Memory access is not free. There's only so much data you can fit within a cubic metre before you become a black hole, and the constant speed of light sets an upper bound on how fast you can get data to the processor from outside your cubic metre.

As you point out, no computer can perform arithmetic operations on arbitrarily large integers in one time-step.

Similarly, consider looking an element up in a hashset. This is generally thought of as average constant-time when there are sufficiently many buckets relative to the number of entries in the table, degenerating to linear time when there are few buckets. Of course, it's not constant/linear! Hashing an integer can be done in time at best logarithmic in the size of that integer, essentially by consuming it one bit at a time, so there's an extra logarithmic factor people conveniently omit.

If you're happy that indexing into a hashset "is" constant time, then you should probably also be happy that comparing integers "is" constant time. If you're not happy with that, then I'd suggest elaborating in your question on the degree to which you care about this kind of thing.

In fact this question seems designed to probe that kind of edge, assuming the upper-case N (length of list) and lower-case n (complexity of algorithm) are meant to denote the same quantity. Maybe that's what you intended!
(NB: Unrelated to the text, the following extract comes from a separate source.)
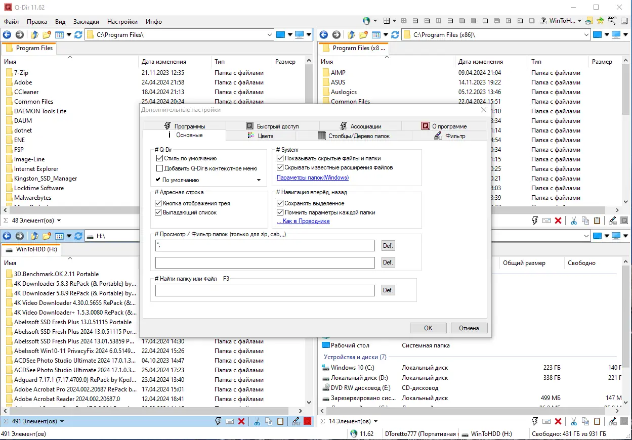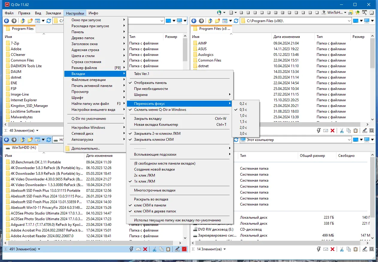 Q-Dir сочетает минимализм интерфейса с широким функционалом, что делает его незаменимым инструментом при работе с большим количеством файлов.
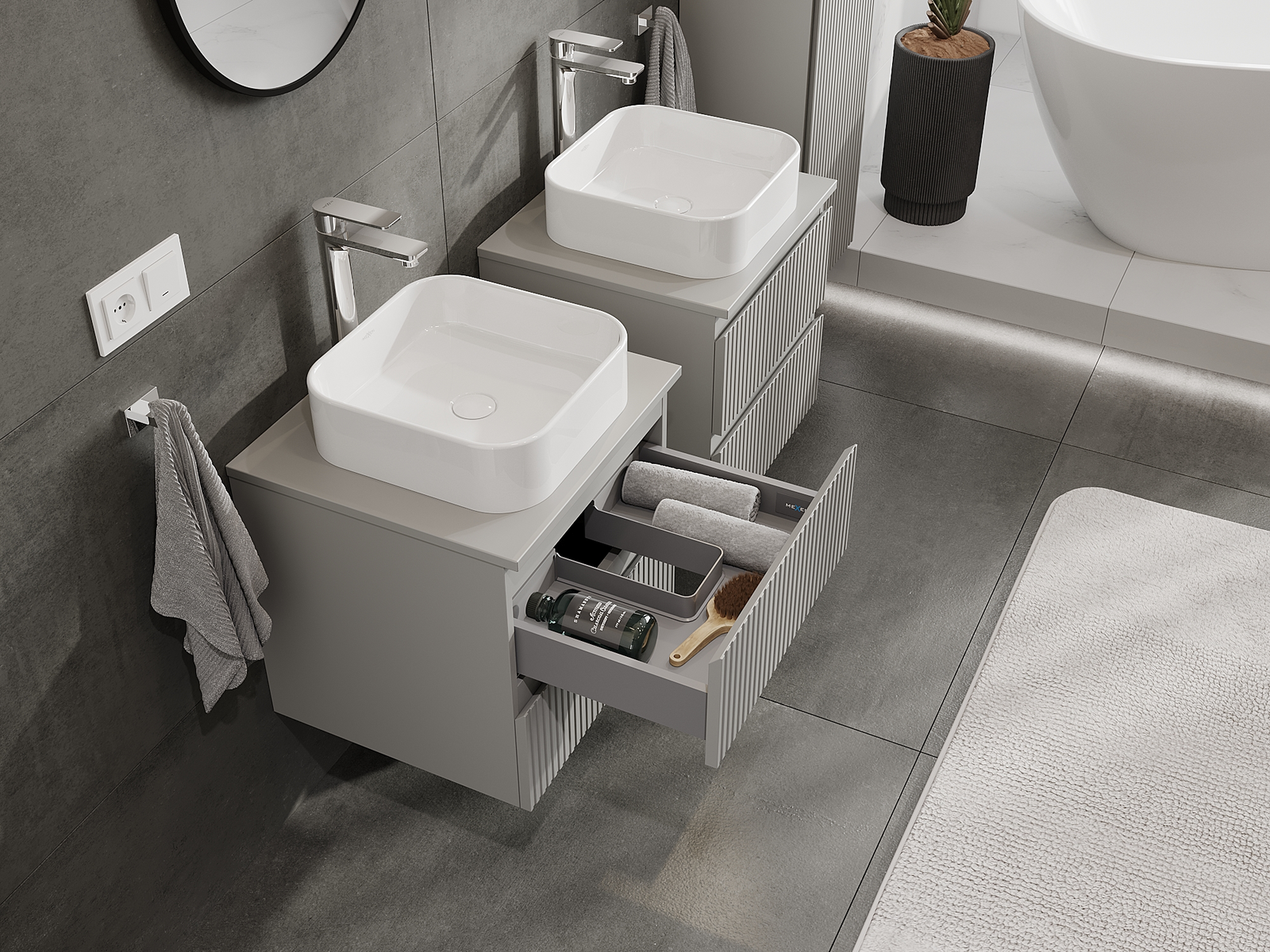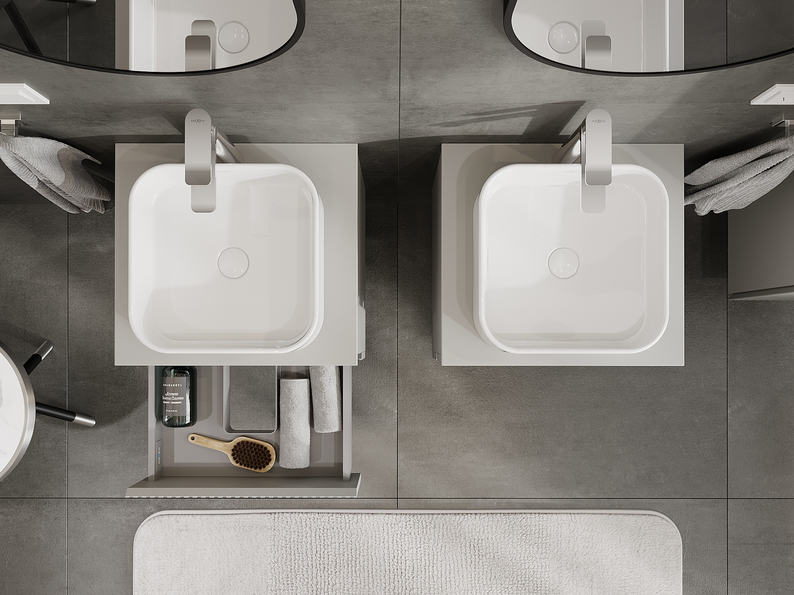 Нашите модулни мебели за баня могат да се комбинират в различни цветови конфигурации, което позволява пълна персонализация. Може да се избере както външният вид, така и функциите на отделните елементи, което позволява съчетаване на мебелите със собствените стилови и функционални предпочитания.

@IsaacKing it's because counting sort never compares the values of the list against one another, it replaces comparisons with linear time transformations. Here's some rough pseudocode for how it works:

counting_sort(list, k):

# Count items in array

count = array of k + 1 zeros

for v in list:

count[v] += 1

output = []

# Iterate over each entry in count

for i from 0 to len(count):

# Add i to output, count[i] times

for j from 0 to count[i]:

output.append(count[i])

return output

There's a better implementation described on Wikipedia which avoids the nested for loop and is generally more efficient, but also harder to follow. I hope my rough implementation shows how sorting can be done without any comparisons. The original list is transformed into an intermediate representation (the counts) which can then be transformed into a sorted list. The linear time transformations replace the need for comparisons between values.

@TonyPepperoni You saw there where you indexed into `count`

using an element from the input list? Strictly speaking that's logarithmic, and you seem to be treating it as constant.

And why is counting sort able to compare numbers at a constant speed rather than proportional to log(k)? Surely it takes longer for a computer to check if two 1 million digit numbers are equal than to check if two 1 digit numbers are equal.

To be clear, counting sort is not *comparing* numbers, it's using them to index into an array of counts.

One of the assumptions for counting sort is that the values can be used to index into an array; either they numbers are in the range 0-n for some suitable n, or they can be bijectively mapped onto that range in constant time.

@PatrickStevens array access is generally considered to be constant time. see e.g. https://cs.stackexchange.com/a/152615

@jcb in this case the items to be sorted are integers from 1 to N, so the bijective map is just index = entry - 1

@jcb Sure, that's why I suggested Isaac clarify exactly how correct to be. After all, if one is concerned that comparing numbers isn't constant-time, then presumably one is not working in a transdichotomous model!